彼の話はそれで終わりではなかったのだ、こちらとしては切り上げたかったが彼は
お前も道連れだと言わんばかりに続きを語って来た。
「祖母ちゃんが死んで、しばらくして祖父ちゃんが死んだ。 そして、空を見上げたら祖母ちゃんと一緒に祖父ちゃんも空から手招きしていた」
彼は一旦、語るのを止めて私を見た。
彼の目付きは、獲物を逃さぬ狩人の目だった。
「そうか、お祖父さんはお祖母さんに招かれたんだな」
死者が生者をあの世へ連れて行こうとする話は、怪談などで聞く話だ。
私は逃げたかったが、彼から漂う圧力から席を立つこともできず食事も進まなかった。
「ああ、俺もその時は祖母ちゃんが祖父ちゃんをあの世へ連れて行ったんだとか思っていたけれどそれで終わりじゃなかったんだ」
彼の怪奇体験語りは終わらなかった。
「祖父ちゃんが死んでから、今度は二人が空から手招きしてるのが見えるようになった空を見上げたら見える死人が増えたんだ」
私がもしかしたらこう言うオチではと思った内容を語り出した、聞くだけでこちらの正気が削れる話だった。

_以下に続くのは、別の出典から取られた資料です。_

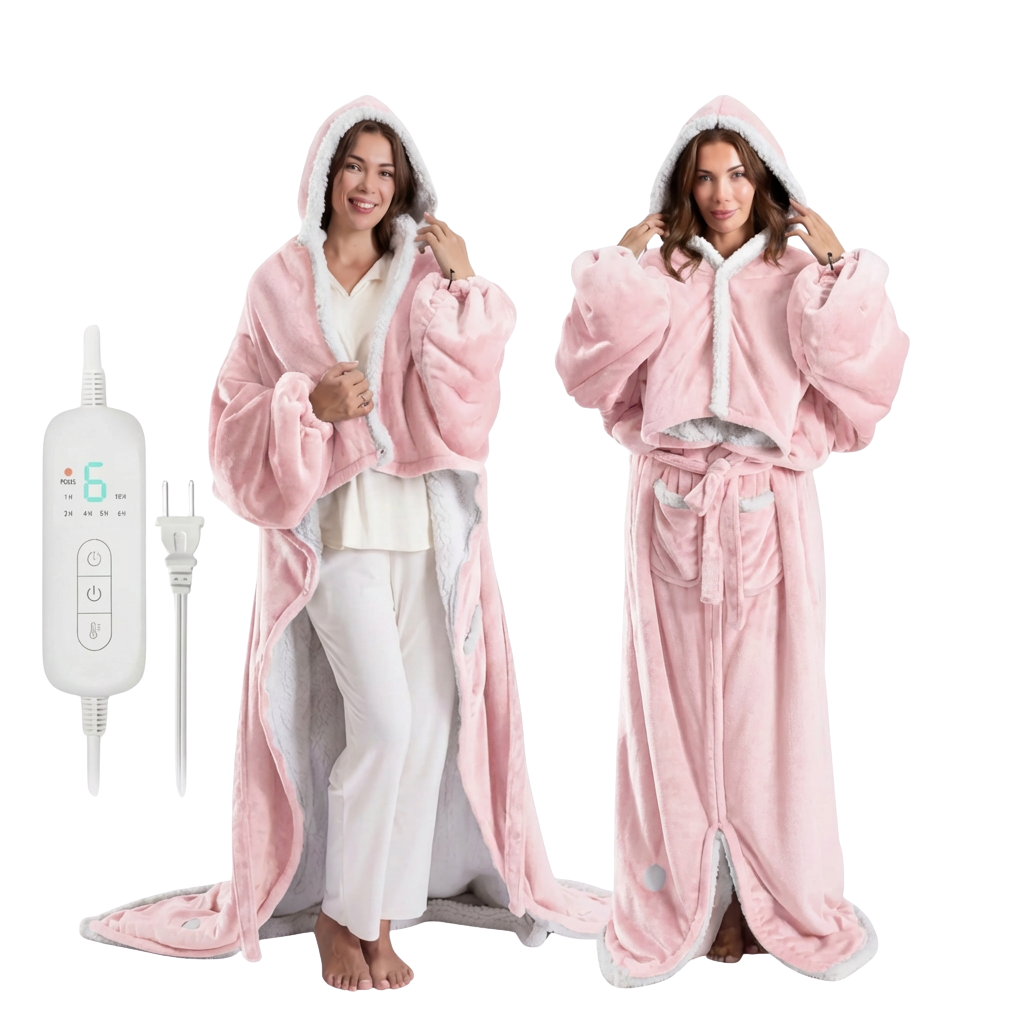 Hugsy features 3 heating zones, each with low, medium, and high settings so you’re always in control. On high, it reaches up to 60°C, giving you that just-out-the-dryer warmth that wraps around your whole body. Most customers find medium (around 45°C) perfect for all-day comfort.
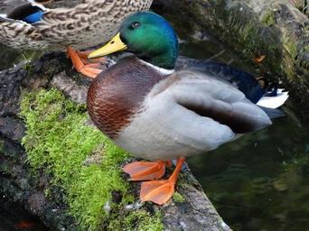 Keywords: duck mallard tree trunk water bird animal world plumage color ducks

「おかしい話だよな? 俺だってそう思う、何で増えるんだよ! って思ったさ」
彼は自分に起こる理不尽な現象に憤っていた。
近しい人間が死ぬと、空の上で死んだ人間が手招きしている姿が見える。
近しい人間が死ぬ度に空の上から手招きする死人が増える。
「まるで、七人ミサキとかみたいだな」
私の言葉に彼は頷く。
「ああ、だが七人じゃ終わらないんだ」
彼が言うには、彼の家族以外にも死人が出ると空に浮かぶようになったらしい。
「身内だけならともかく、近所の知り合いとか俺の知ってる人間が死んだら空に浮かんで手招きするんだぜ? これが、俺が空を見上げたくない理由だよ」
彼が語り終えた、そんな話をした後でも二人とも食事が食えたのが奇跡に思えた。
そんな話をした後も、彼との交友は大学を卒業してから今日まで続いた。
今日は彼の葬儀、私は友人代表として参列していた。
彼の死因はバイクのツーリング中の事故だった。
対向車と衝突し、激しく飛ばされたと聞く。
おそらくはその時彼が最後に見た物は、空だったのだろう。
そして、彼の納骨が済んで私が空を見上げると彼が笑って手招きをしていた。